Is the function $f(x,y) = -\log(x) \times \exp(y)$ convex?

Question

The function $f(x,y) = -\log(x) \times \exp(y)$, with $0 \le x \le 1$ and $\infty < y < \infty$, is the product of two convex functions $-\log(x)$ and $\exp(y)$. I know that the product of two convex functions may not be convex, but is this particular function $f(x,y)$ convex?

I plot the function in Python, it looks convex.
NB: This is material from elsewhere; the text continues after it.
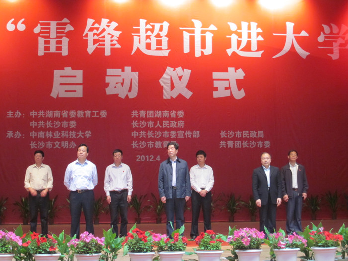 4月28日上午,省会长沙“雷锋超市进大学”活动启动仪式在中南林业科技大学举行。省委常委、长沙市委书记陈润儿,省教育厅副厅长申纪云,团省委副书记罗琼,首批十个“雷锋超市”所在高校领导、雷锋超市负责人、学生志愿者代表2000余人出席仪式。我院团委副书记罗祥云率学生志愿者代表参加了活动。仪式由长沙市委副书记张值恒主持,陈润儿发表重要讲话并宣布省会长沙“雷锋超市进大学”活动正式启动。
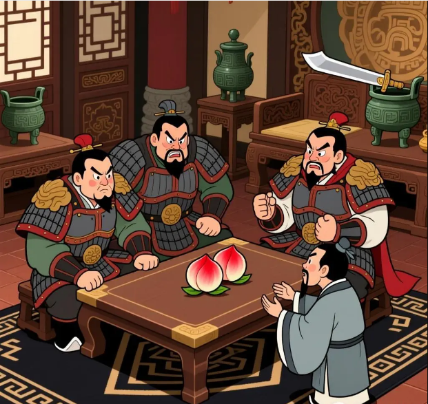 一天,鲁昭公来齐国访问。齐景公设宴招待他。鲁国是叔孙婼[ruò]执行礼仪,齐国是晏子执行礼仪。君臣四人坐在堂上。“三杰”佩剑立于堂下,态度十分傲慢。正当两位国君喝得半醉的时候,晏子说:“园中的金桃已经熟了,摘几个来请二位国君尝尝新吧!”齐景公传令派人去摘。晏子说:“金桃很难得,我应当亲自去摘。”不一会儿,晏子领着园吏,端着玉盘献上六枚桃子,每个桃都有碗口大,色泽鲜美,香气扑鼻。景公问:“就结这几个吗?”晏子说:“还有几个,没太熟,只摘了这六个。”说完就恭恭敬敬地献给鲁昭公、齐景公每人一个金桃。鲁昭公边吃边夸奖金桃味道甘美。齐景公说:“这金桃不容易得到,叔孙大夫天下闻名,应该吃一个。”叔孙婼谦让道:“我哪里赶得上晏相国呢!相国协助君王管理国政,功绩卓著,诸侯佩服,这个桃应当请相国吃。”齐景公说:“既然叔孙大夫推让相国,就请你们二位每人吃一个金桃吧。”两位大臣谢过景公。晏子说:“盘中还剩下两个金桃,请君王传令各位臣子,让他们都说一说自己的功劳,谁功劳大,就赏给谁吃。”齐景公说:“这样很好。”便传下令去。话音未落,公孙捷走了过来,得意洋洋地说:“我曾跟着主公上山打猎,忽然一只吊睛大虎向主公扑来,我用尽全力将老虎打死,救了主公性命,如此大功,还不该吃个桃吗?”晏子说:“冒死救主,功比泰山,应该吃一个桃。”公孙捷接过桃子就走。古冶子喊道:“打死一只虎有什么稀奇!我护送主公过黄河的时候,有一只老鼋[yuán,即鳖]咬住了主公的马腿,一下子就把马拖到急流中去了。我跳到河里把老鼋杀死,救了主公,像这样大的功劳,该不该吃个桃?”景公说:“那时候黄河波涛汹涌,要不是将军斩鼋除怪,我的命就保不住了,这是盖世奇功,理应吃个桃。”晏子急忙送给古冶子一个金桃。

How to prove it formally?

The code:

import numpy as np
import matplotlib.pyplot as plt
from mpl_toolkits.mplot3d import Axes3D

x = np.linspace(0.01,0.99,99)
y = np.linspace(-10,10,99)
X,Y = np.meshgrid(x,y)
Z = -np.log(X) * np.exp(Y)

fig = plt.figure(figsize=(10,6))
ax = fig.add_subplot(111, projection='3d')
ax.plot_surface(X,Y,Z)
ax.set_xlabel('x')
ax.set_ylabel('y')
ax.set_zlabel('f(x,z)')

The plot from different angles:

Answer 1

Let's calculate hessian:

$$\frac{\partial f}{\partial x}=\frac{-e^y}{x} \qquad , \qquad \frac{\partial f}{\partial y}=-\ln(x)y^y\\ h_{11}=\frac{\partial^2f}{\partial x^2}=\frac{e^y}{x^2} \qquad , \qquad h_{22}=\frac{\partial^2f}{\partial y^2}=-\ln(x)y^y\\ h_{12}=\frac{\partial^2f}{\partial x\partial y}=\frac{-e^y}{x} \quad \; ,\;\; \quad \; h_{12}=\frac{\partial^2f}{\partial x\partial y}=\frac{-e^y}{x} \quad \\ H=\begin{bmatrix}h_{11} &h_{12}\\ h_{21} &h_{22} \end{bmatrix} $$

To determine $f(x,y)$ is convex, is equivalent to determining $H$ is PSD or not. $H$ is symmetric, thus we need to investigate the sign of each eigenvalue. We have

$$\det(H) = \frac{-e^{2y}(\ln x+1)}{x^2}=\lambda_1\lambda_2\qquad,\qquad \text{tr}(H) =e^y\left( \frac{1}{x^2}-\ln x \right)= \lambda_1+\lambda_2 $$ $y$ has no effect on the sign of eigenvalues, thus we only need to investigate range of $x$. For $H$ to have any kind of structure (concave or convex) we need $\det(H)\ge0$, therefore $-(\ln x+1)\ge0 \Rightarrow x\in (0,\frac{1}{e})$. In this region ($x\in (0,\frac{1}{e})$) we have $-\ln x >1$ and $\frac{1}{x^2}>0$ and thus $\text{tr}(H)>0$ and therefore $f(x,y)$ is convex in this region. For the rest of the range $x\in[\frac{1}{e},1)$ the Hessian $H$ is indefinite and $f(x,y)$ has no meaningful structure.

Answer 2

It is quite clear from a simple plot that, for example, the restriction $f(x,3x)$ is not convex on $0<x<1$, therefore neither is $f(x,y)$.